Die Klage hatte teilweise Erfolg:

  • Aufgrund der beim Gesellschafter durchgeführten Bargeldverkehrsrechnungen hat keine Schätzungsbefugnis bestanden.

  • Grundsätzlich ist eine Bargeldverkehrsrechnung zwar eine geeignete Verprobungsmethode, denn wenn ein Steuerpflichtiger höhere Barausgaben tätigt, als ihm aus bekannten und vorhandenen Mitteln möglich ist, muss er den Unterdeckungsbetrag aus anderen Quellen bezogen haben. Hieraus kann aber nicht zwangsläufig die Schlussfolgerung gezogen werden, dass eine Kapitalgesellschaft bei ungeklärten Vermögenszuwächsen ihres Gesellschafters nicht erfasste Betriebseinnahmen erzielt hat. Selbst wenn man unterstellt, dass die ungeklärten Vermögenszuwächse durch betriebliche Aktivitäten erzielt wurden, ist es ebenso gut möglich, dass der Gesellschafter die Einnahmen im Rahmen von Eigengeschäften erzielt hat und nicht im Namen und auf Rechnung der Gesellschaft. Aus dem Umstand, dass der Gesellschafter die Herkunft der bei ihm festgestellten ungeklärten Vermögenszuwächse nicht aufklärt, können keine nachteiligen Schlüsse für die Kapitalgesellschaft gezogen werden.

  • Im Streitfall erscheint es nicht ausgeschlossen, dass der Gesellschafter selbst „schwarze“ Einkünfte aus von ihm getätigten anderweitigen Geschäften erzielt hat. Dies gilt insbesondere vor dem Hintergrund, dass er nach eigenem Vorbringen in früherer Zeit nicht versteuerte Silbergeschäfte getätigt hat. Auch aus der durch die verdeckten Einlagen hergestellten Verbindung zur Klägerin kann nicht gefolgert werden, dass diese selbst weitere Betriebseinnahmen erzielt hat.

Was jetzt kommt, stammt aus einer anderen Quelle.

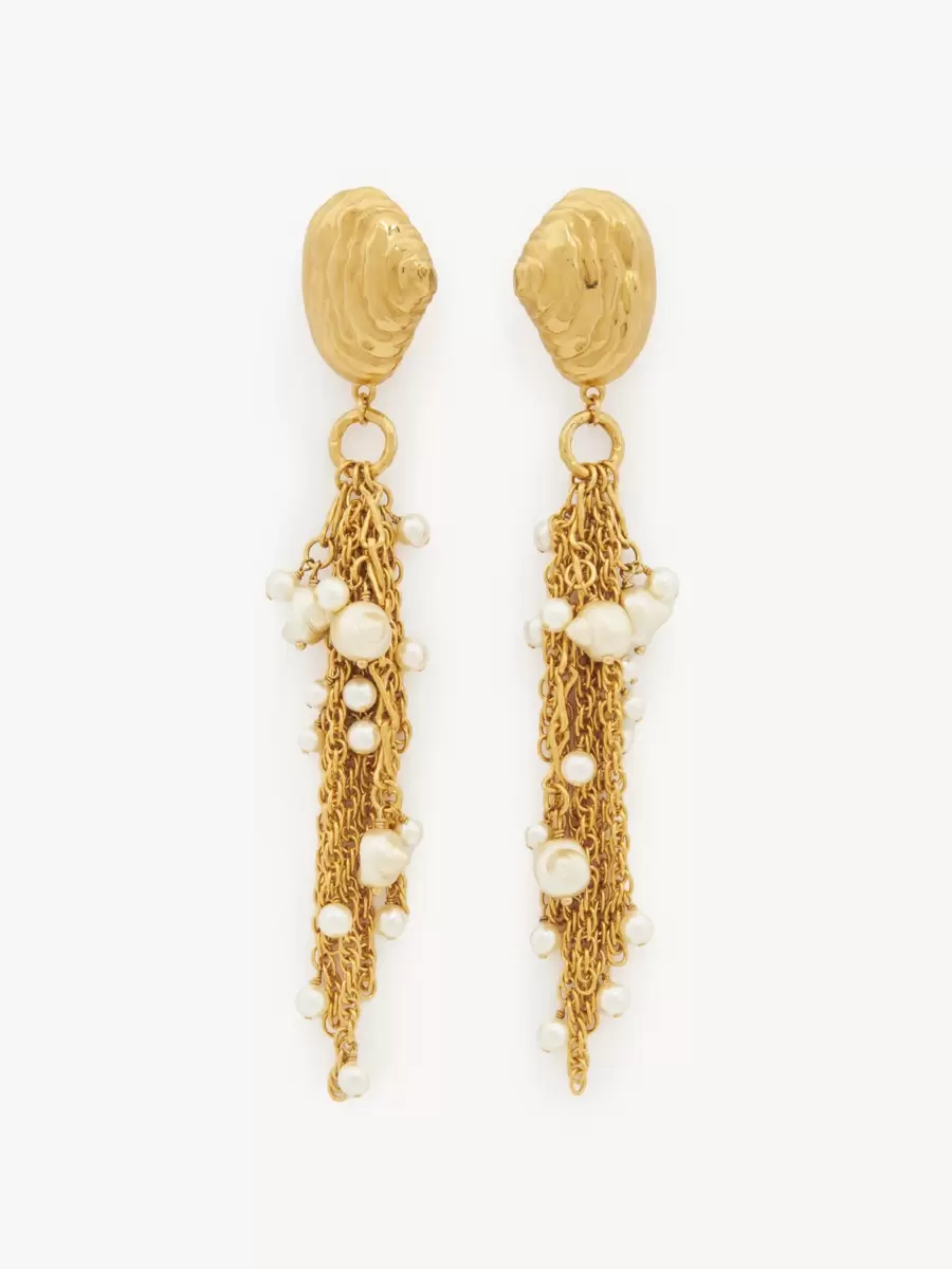 Orecchini pendenti Chloé Shells in ottone dorato vintage. I perni a conchiglia testurizzati sono abbinati a nappe a catena impreziosite da perle sintetiche di varie forme e dimensioni. L’incisione del logo Chloé completa questi orecchini.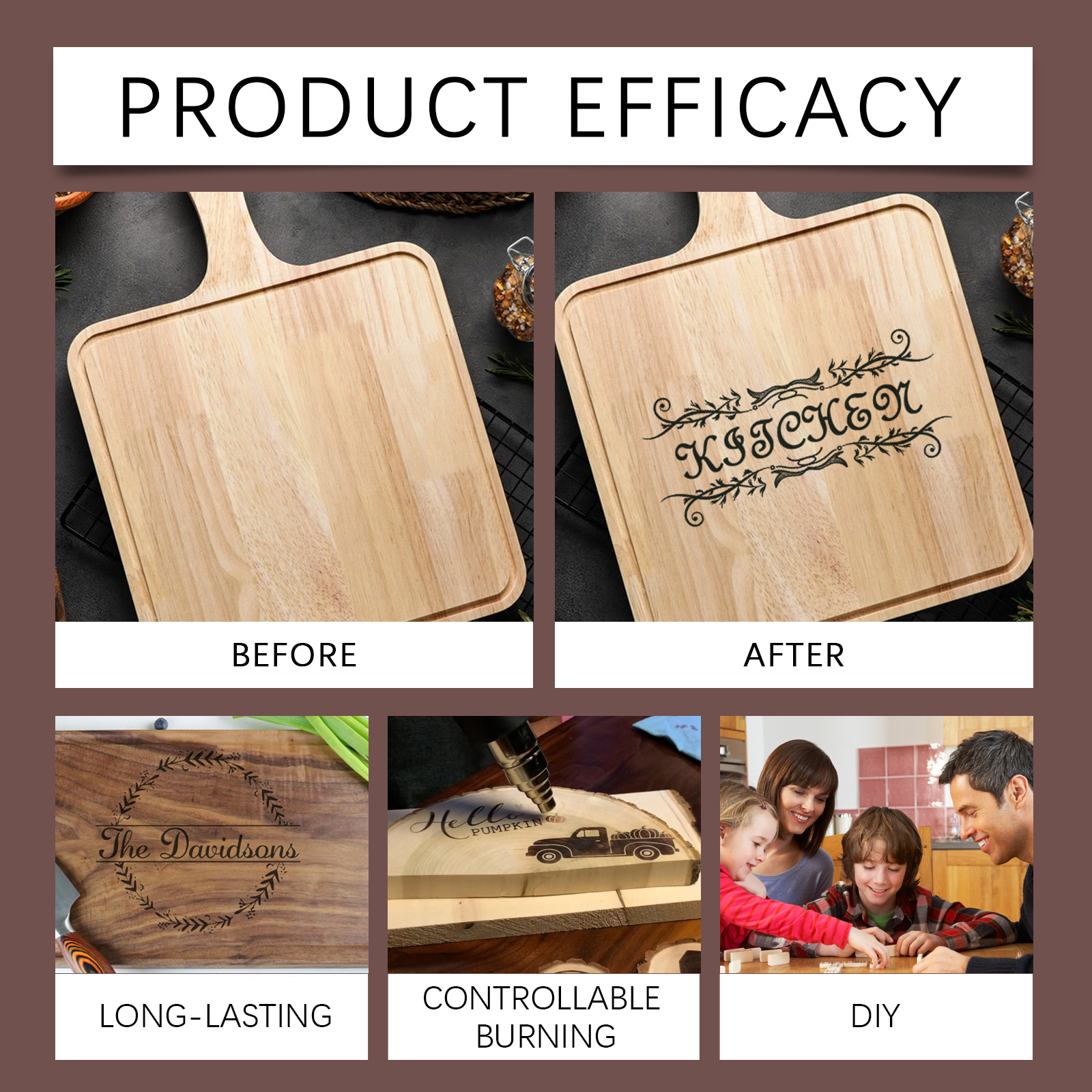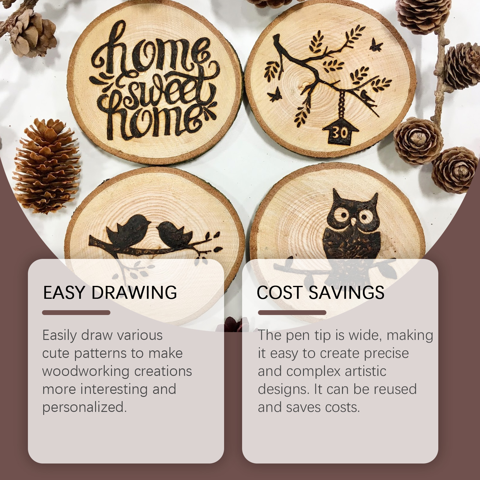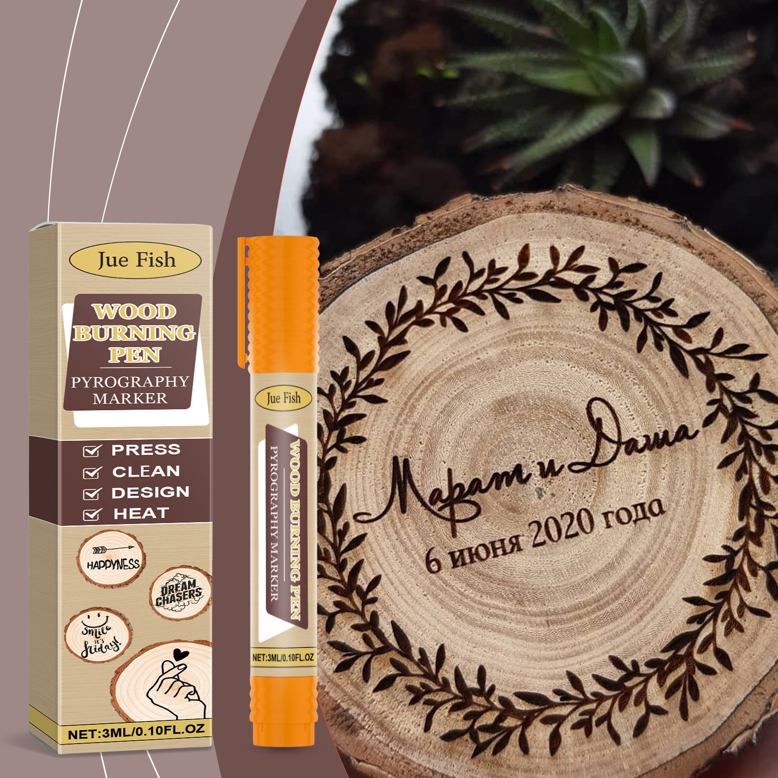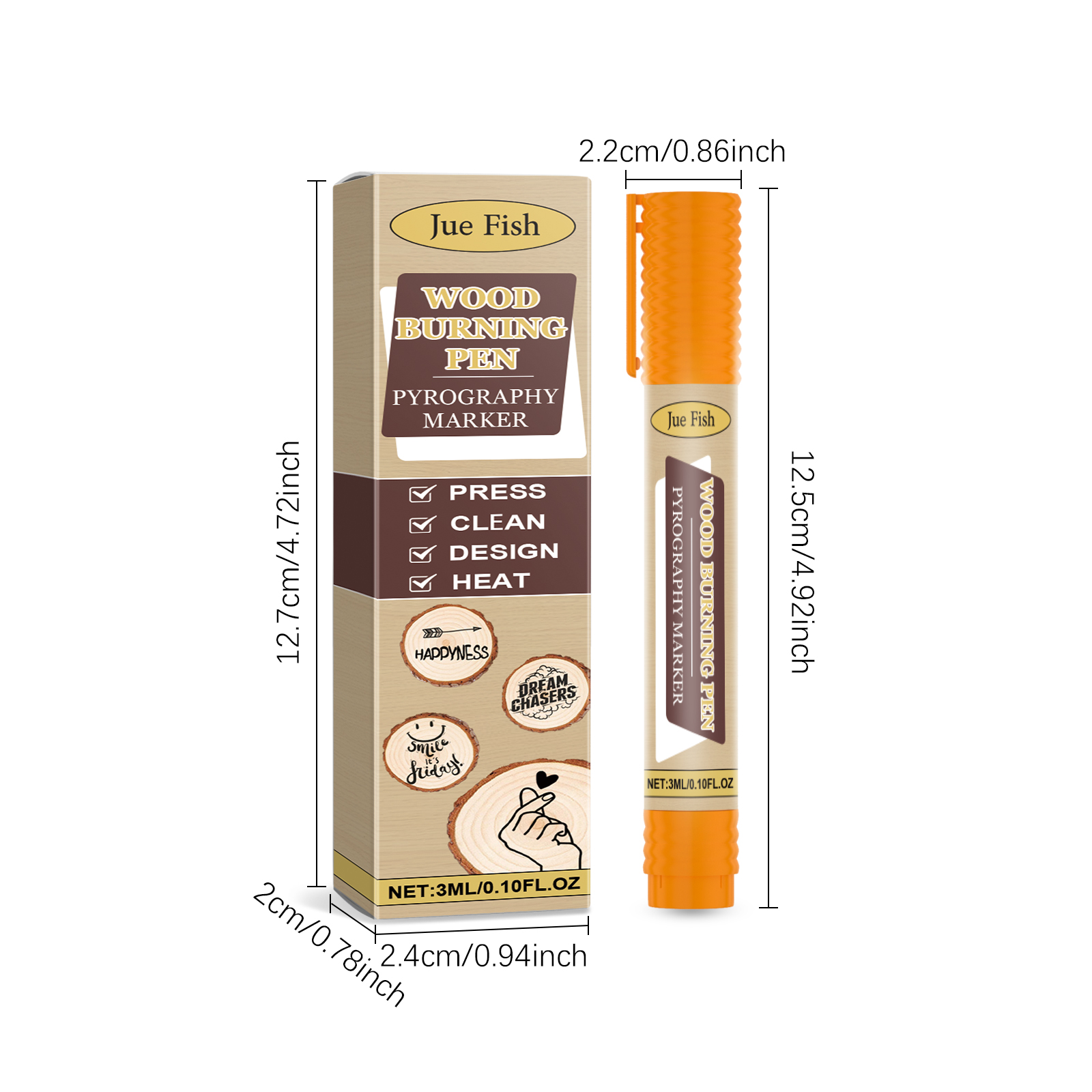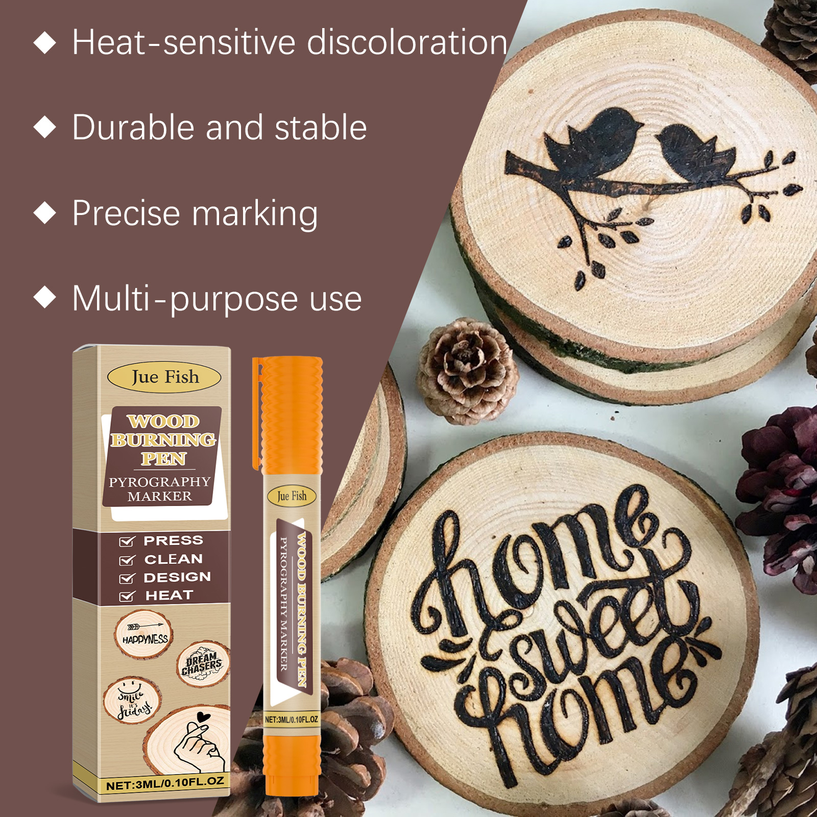我们的木材烙画标记笔含有亚麻籽油、蜜蜡、氧化铁。它可以创建精确复杂的艺术设计,可重复使用,节省成本。它的使用方法很简单:清洁木质表面,将产品摇匀然后轻按笔尖,画出自己喜欢的图案,用加热枪加热,直到达到预期的效果。并且可以轻松绘制各种可爱的图案,让木工创作更加有趣和个性化。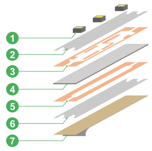 Podwójna płytka PCB o grubej miedzianej ścieżce, zapewnia skuteczniejsze odprowadzanie ciepła wytwarzanego podczas pracy. Emitowane ciepło równomierne rozchodzi się na całej powierzchni taśmy, a następnie ciepło oddawane jest do przyklejonego podłoża, chroniąc przy tym znajdujące się na taśmie DIODY.
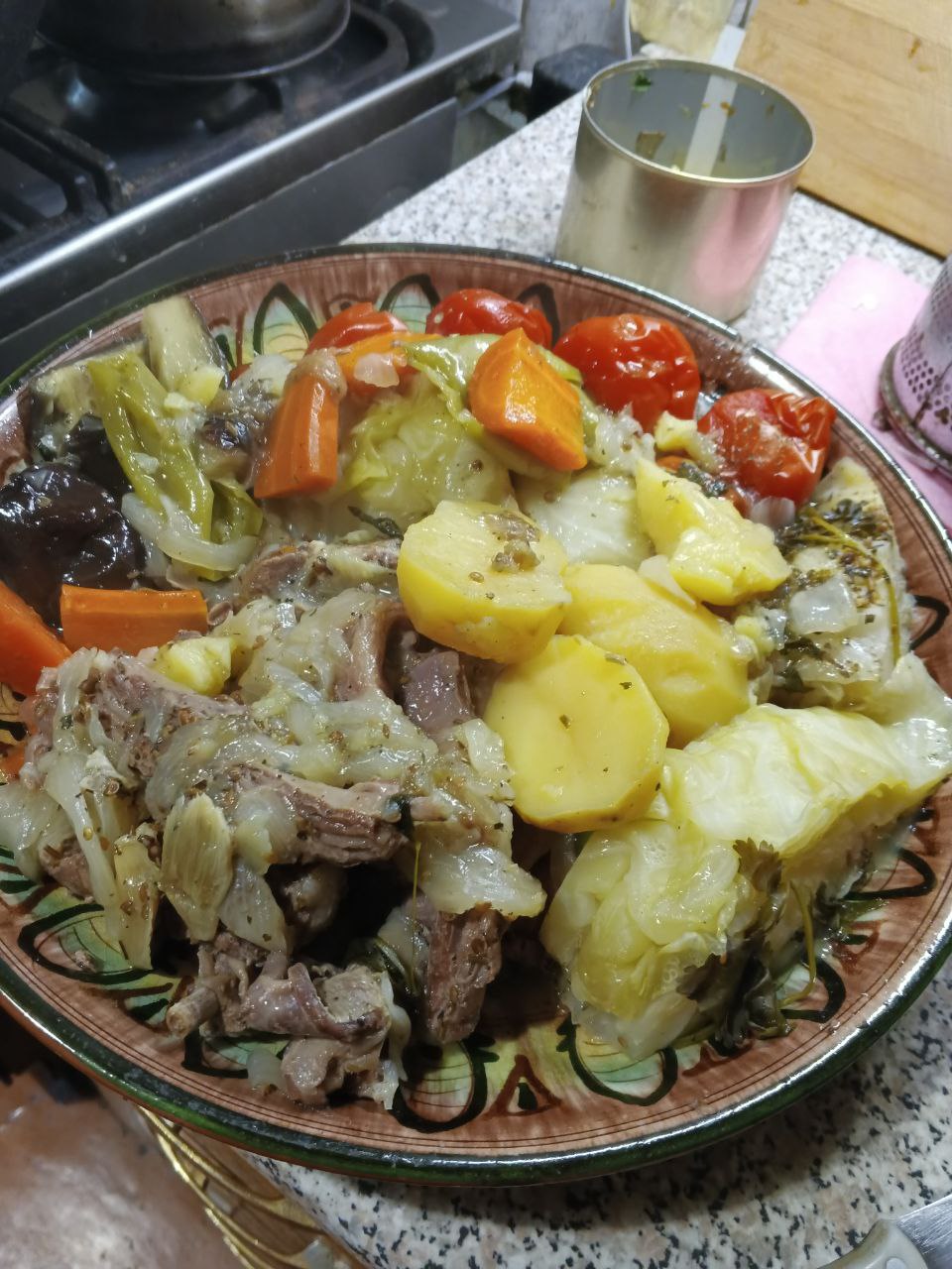 Мясо отраливается от костей , картошка и капустаи все овощи пропитались ароматами . Всё в собственном соку!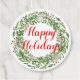 Klassischer "Happy Holidays" Grußwunsch auf rustikalen grünen Lorbeerkranz Blätter motif. Mit der Möglichkeit, Ihren Familiennamen und (begrenzten) Text Ihrer Wahl anzupassen oder zu personalisieren.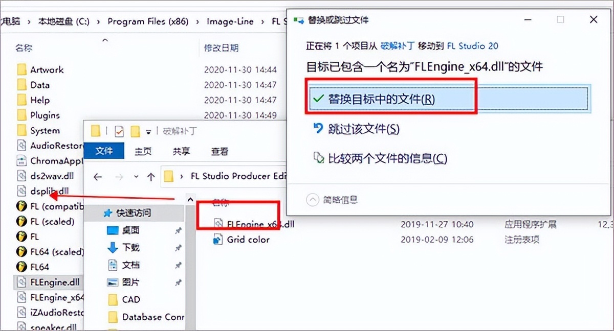 7、接着就是破解安装教程,将破解补丁下的“FLEngine_x64.dll”复制或者粘贴到软件安装目录下;

  • Dem Grunde nach hat aber eine Schätzungsbefugnis wegen der nicht ordnungsgemäßen Kassenführung bestanden, da die Klägerin für ihre offene Ladenkasse weder ordnungsgemäße Kassenberichte erstellt noch ein ordnungsgemäßes Kassenbuch geführt hat. Das FG Münster hat die Hinzuschätzungen allerdings auf einen (Un-)Sicherheitszuschlag i. H. von 1,5 % der von der Klägerin getätigten Gesamtumsätze, nicht nur der Barumsätze, begrenzt. Dies folgt aus den erheblichen Kassenführungsmängeln und der hohen Anfälligkeit der Art der Kassenführung für Schwarzeinnahmen. Die Ergebnisse der Bargeldverkehrsrechnungen sind dagegen nicht in die Berechnung der Hinzuschätzungen einzubeziehen.

Hinweis:

Die Revision wurde zugelassen. Der Volltext der Entscheidung ist auf der Homepage des FG Münster veröffentlicht.